Let's break down the backtrace. This is a classic "wrong type" error during a critical VM initialization phase.

### Debugging the Backtrace

1.  **Frame #4: The Crash Site**
    *   `factor::untag_fixnum (tagged=1) at vm/layouts.hpp:94`
    *   This is the exact point of failure.
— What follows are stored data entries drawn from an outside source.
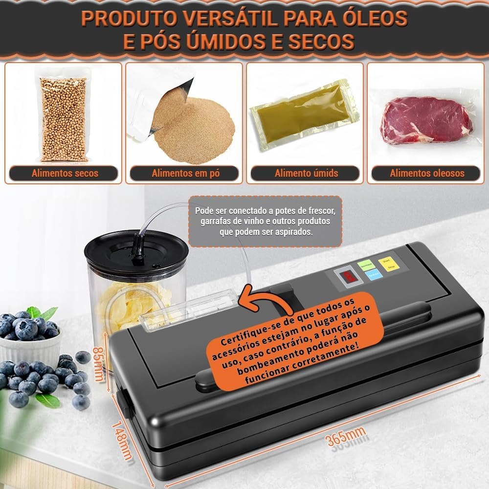 Este modelo é ideal para quem está começando. É compacta, fácil de usar e tem um preço bem acessível. A selagem a vácuo é eficiente para alimentos secos e sólidos, como grãos, castanhas e queijos. Contudo, para alimentos com líquidos, como carnes marinadas, pode ser um pouco problemática. A potência de sucção é boa, mas não tão forte quanto em modelos mais caros.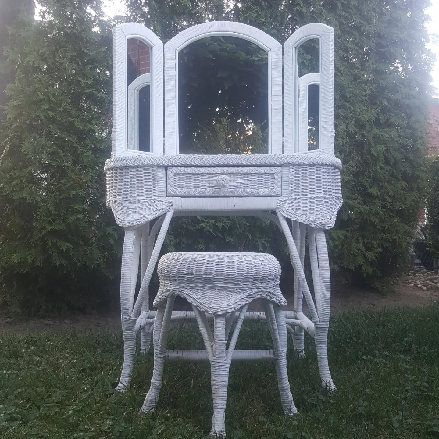 This charming white wicker vanity is a stylish addition to any bedroom or dressing area. The set includes a vanity table with a glass top, a mirrored triptych, and a matching stool. The vanity features a drawer for storage and an elegant design.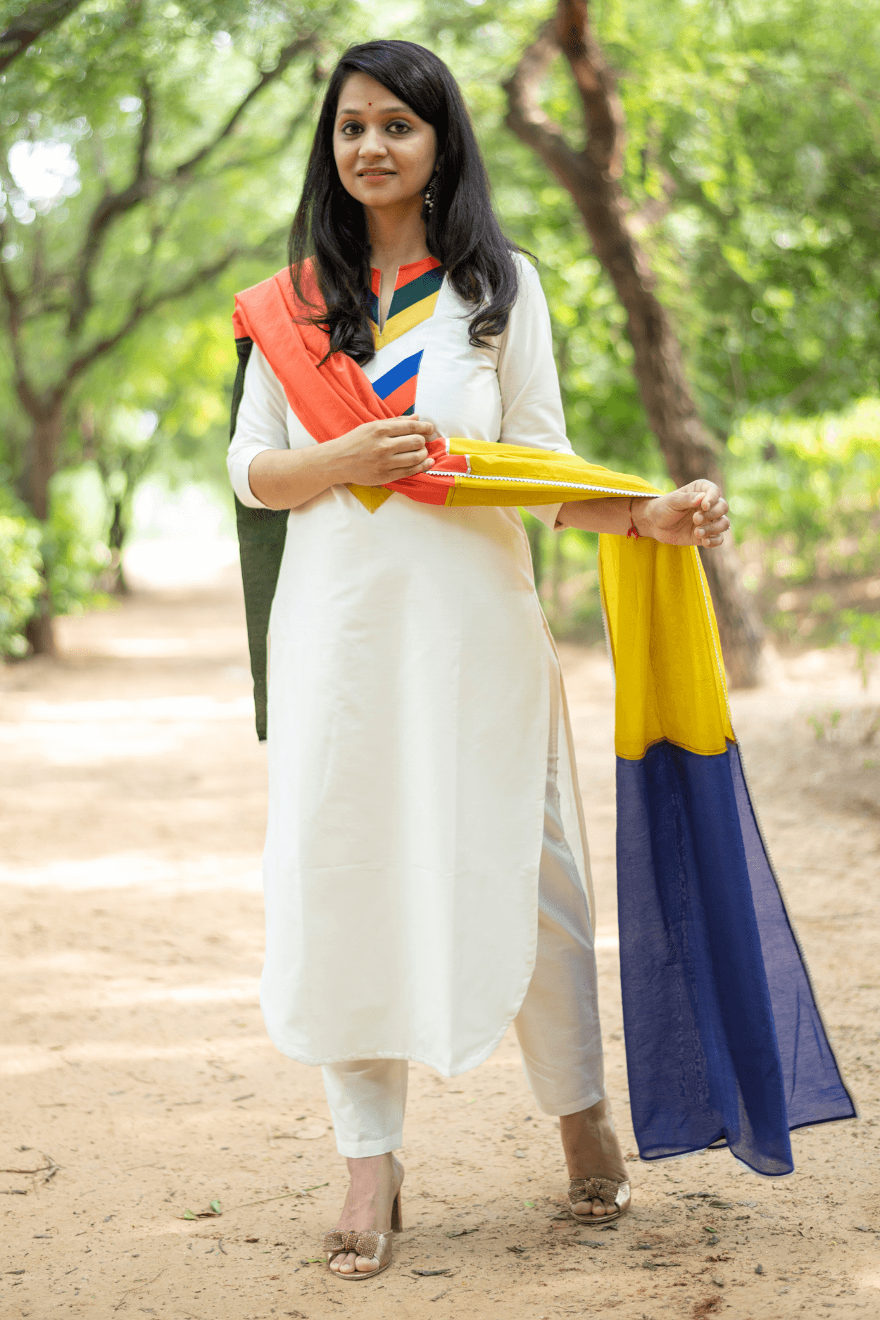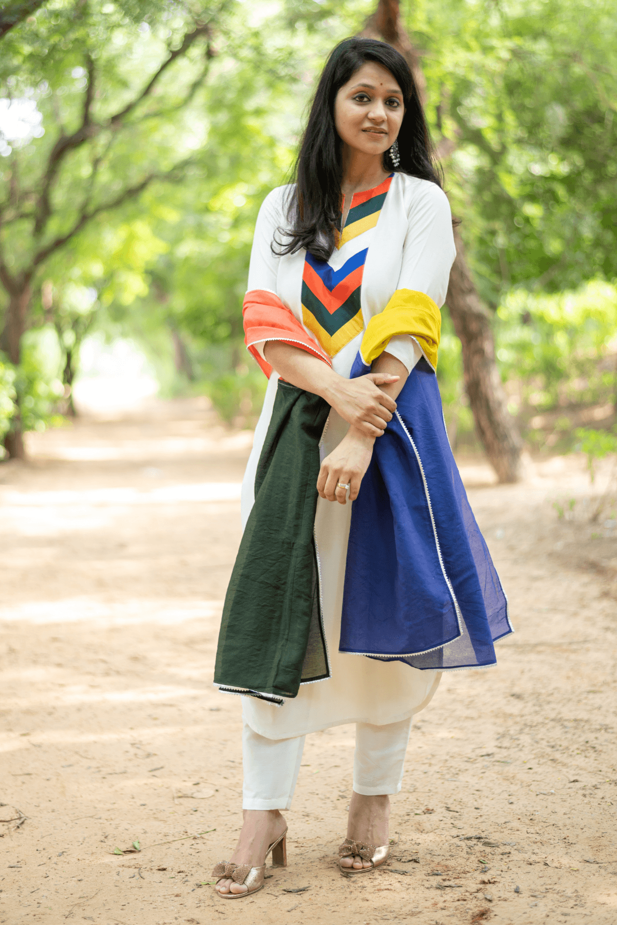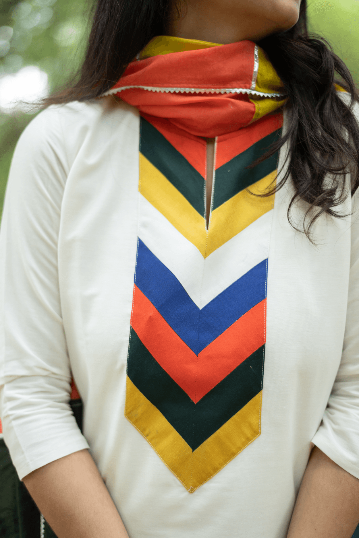 Natural-dyed colours might bleed during the first few washes or rub against the skin & other light-coloured garments. In the artful process of hand block-printing, embroidery work and stitching, variations are likely to come into existence. These irregularities are the hallmark of all handmade products and give each style a unique identity.

The `untag_fixnum` function was called with the value `1`.
    *   In the Factor VM, `1` is the tagged representation of the boolean `f`. The tag is `1` (`F_TYPE`).
    *   `untag_fixnum` asserts that the tag of its input is `0` (`FIXNUM_TYPE`).
    *   The assertion `TAG(1) == FIXNUM_TYPE` evaluates to `1 == 0`, which is false, causing the `abort()`.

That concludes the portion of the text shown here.